# STUDY MATERIAL
>>>

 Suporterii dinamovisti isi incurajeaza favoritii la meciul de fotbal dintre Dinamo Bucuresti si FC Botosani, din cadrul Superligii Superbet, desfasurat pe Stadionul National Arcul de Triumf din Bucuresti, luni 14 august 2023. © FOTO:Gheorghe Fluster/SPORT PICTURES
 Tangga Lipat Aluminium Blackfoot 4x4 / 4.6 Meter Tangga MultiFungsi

<<<
>>>

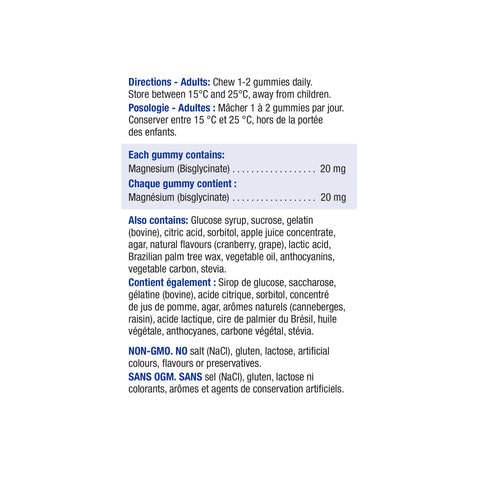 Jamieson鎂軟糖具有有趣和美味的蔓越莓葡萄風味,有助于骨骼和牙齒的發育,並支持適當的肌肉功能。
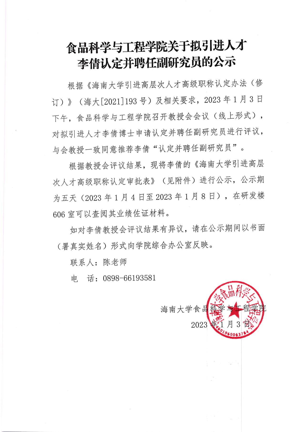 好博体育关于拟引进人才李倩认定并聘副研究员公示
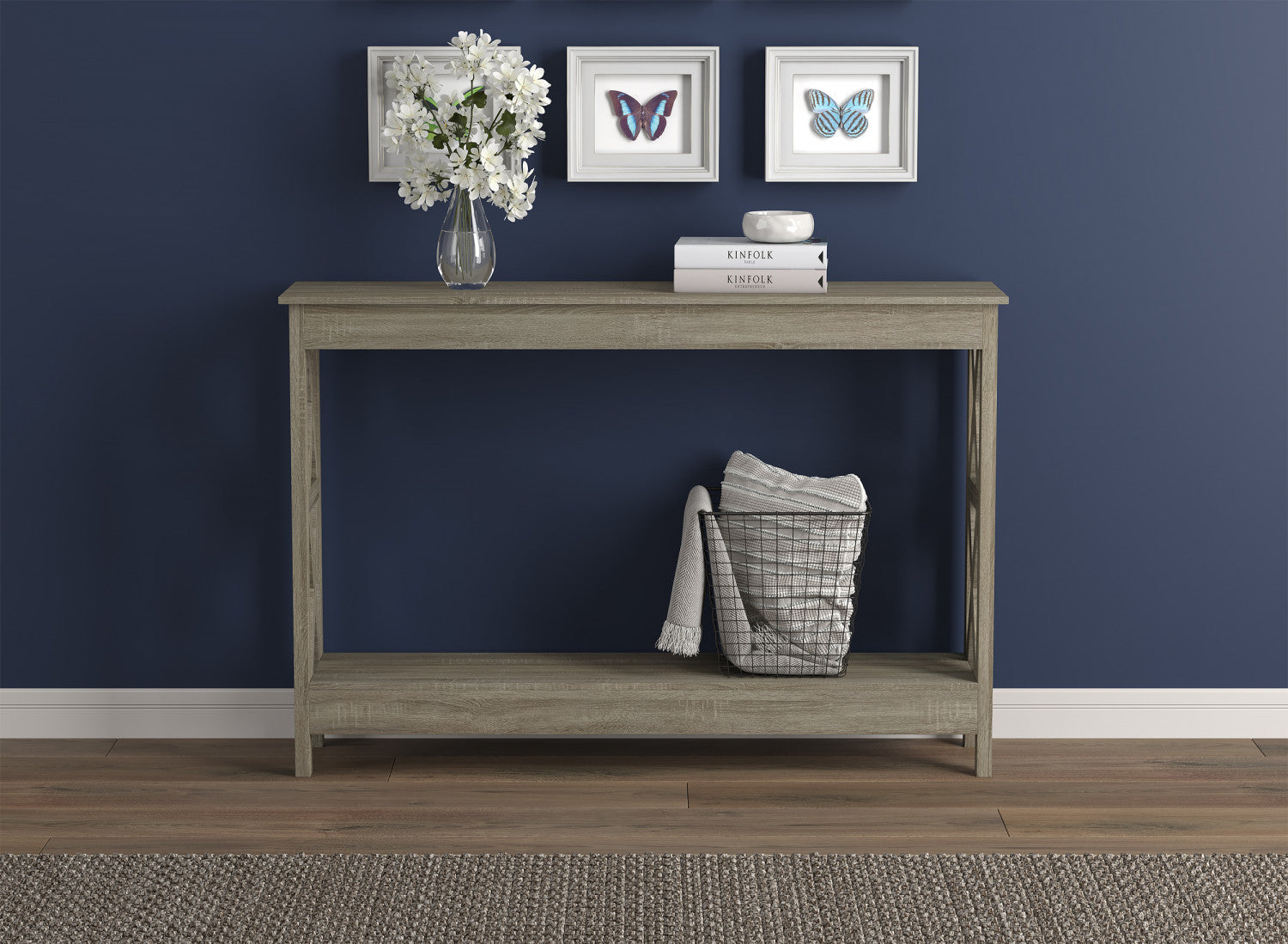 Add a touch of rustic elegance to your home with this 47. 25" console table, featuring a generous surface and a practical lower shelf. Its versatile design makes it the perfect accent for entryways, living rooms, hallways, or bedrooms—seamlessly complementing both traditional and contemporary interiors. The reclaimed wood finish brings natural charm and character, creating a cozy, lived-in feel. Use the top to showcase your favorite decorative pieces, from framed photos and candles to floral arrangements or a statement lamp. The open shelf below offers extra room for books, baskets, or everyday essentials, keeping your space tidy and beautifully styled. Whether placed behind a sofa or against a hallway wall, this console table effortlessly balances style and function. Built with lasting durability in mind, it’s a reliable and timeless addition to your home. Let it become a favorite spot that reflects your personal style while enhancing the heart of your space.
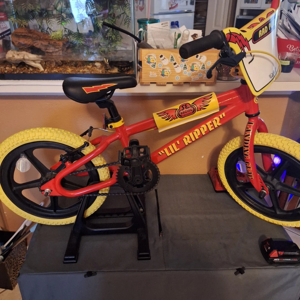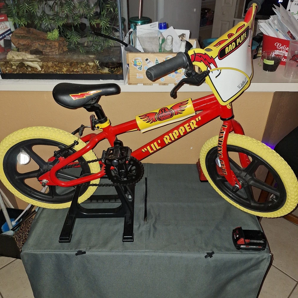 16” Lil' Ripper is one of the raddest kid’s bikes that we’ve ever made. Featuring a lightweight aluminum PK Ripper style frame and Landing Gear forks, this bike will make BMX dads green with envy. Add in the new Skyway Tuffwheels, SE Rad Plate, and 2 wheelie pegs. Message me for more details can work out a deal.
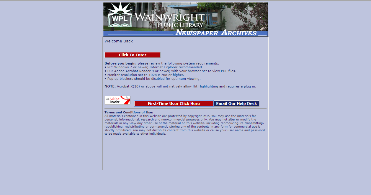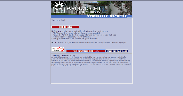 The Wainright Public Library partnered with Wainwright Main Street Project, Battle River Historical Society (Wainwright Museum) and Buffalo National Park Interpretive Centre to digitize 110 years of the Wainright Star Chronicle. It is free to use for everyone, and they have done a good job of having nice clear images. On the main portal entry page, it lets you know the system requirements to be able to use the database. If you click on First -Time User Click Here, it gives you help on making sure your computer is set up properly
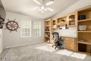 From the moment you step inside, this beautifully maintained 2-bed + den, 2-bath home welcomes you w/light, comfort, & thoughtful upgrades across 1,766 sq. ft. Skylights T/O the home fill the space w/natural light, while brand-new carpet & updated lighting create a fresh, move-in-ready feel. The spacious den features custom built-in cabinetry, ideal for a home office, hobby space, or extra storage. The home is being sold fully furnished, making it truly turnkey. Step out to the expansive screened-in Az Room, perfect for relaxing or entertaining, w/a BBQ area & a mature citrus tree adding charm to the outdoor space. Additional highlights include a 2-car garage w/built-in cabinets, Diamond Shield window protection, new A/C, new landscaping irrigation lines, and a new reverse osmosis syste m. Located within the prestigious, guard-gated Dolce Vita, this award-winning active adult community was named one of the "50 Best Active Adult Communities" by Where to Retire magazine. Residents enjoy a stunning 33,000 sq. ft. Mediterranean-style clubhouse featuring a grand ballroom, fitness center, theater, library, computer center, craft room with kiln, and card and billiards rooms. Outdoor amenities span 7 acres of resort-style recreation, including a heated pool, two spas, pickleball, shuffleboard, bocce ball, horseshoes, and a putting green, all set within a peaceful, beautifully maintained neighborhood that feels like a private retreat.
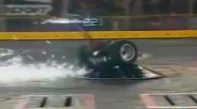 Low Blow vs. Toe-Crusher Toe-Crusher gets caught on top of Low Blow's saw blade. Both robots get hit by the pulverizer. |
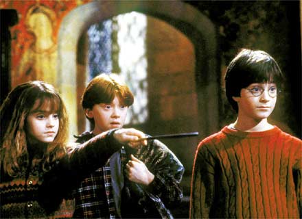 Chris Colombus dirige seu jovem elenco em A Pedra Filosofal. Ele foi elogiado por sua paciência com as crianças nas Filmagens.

<<<
>>>

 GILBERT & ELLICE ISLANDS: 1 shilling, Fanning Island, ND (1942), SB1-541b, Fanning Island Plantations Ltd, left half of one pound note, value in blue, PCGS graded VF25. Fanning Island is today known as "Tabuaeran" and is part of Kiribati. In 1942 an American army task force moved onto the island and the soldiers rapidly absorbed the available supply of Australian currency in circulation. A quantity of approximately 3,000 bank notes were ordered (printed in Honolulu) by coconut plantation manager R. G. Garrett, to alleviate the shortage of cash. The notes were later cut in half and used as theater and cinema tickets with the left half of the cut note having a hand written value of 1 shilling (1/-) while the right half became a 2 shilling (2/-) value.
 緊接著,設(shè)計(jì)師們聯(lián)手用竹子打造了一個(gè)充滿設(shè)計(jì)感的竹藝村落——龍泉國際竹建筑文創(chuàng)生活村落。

<<<

# EXERCISE DETAILS
Exactly the lines above from the one that contains "Low Blow vs." down to the one that contains "Chris Colombus dirige" are to be output, both ends kept and pictures omitted.

# SOLUTION TO THIS PROBLEM
 Low Blow vs. Toe-Crusher Toe-Crusher gets caught on top of Low Blow's saw blade. Both robots get hit by the pulverizer. |
 Chris Colombus dirige seu jovem elenco em A Pedra Filosofal. Ele foi elogiado por sua paciência com as crianças nas Filmagens.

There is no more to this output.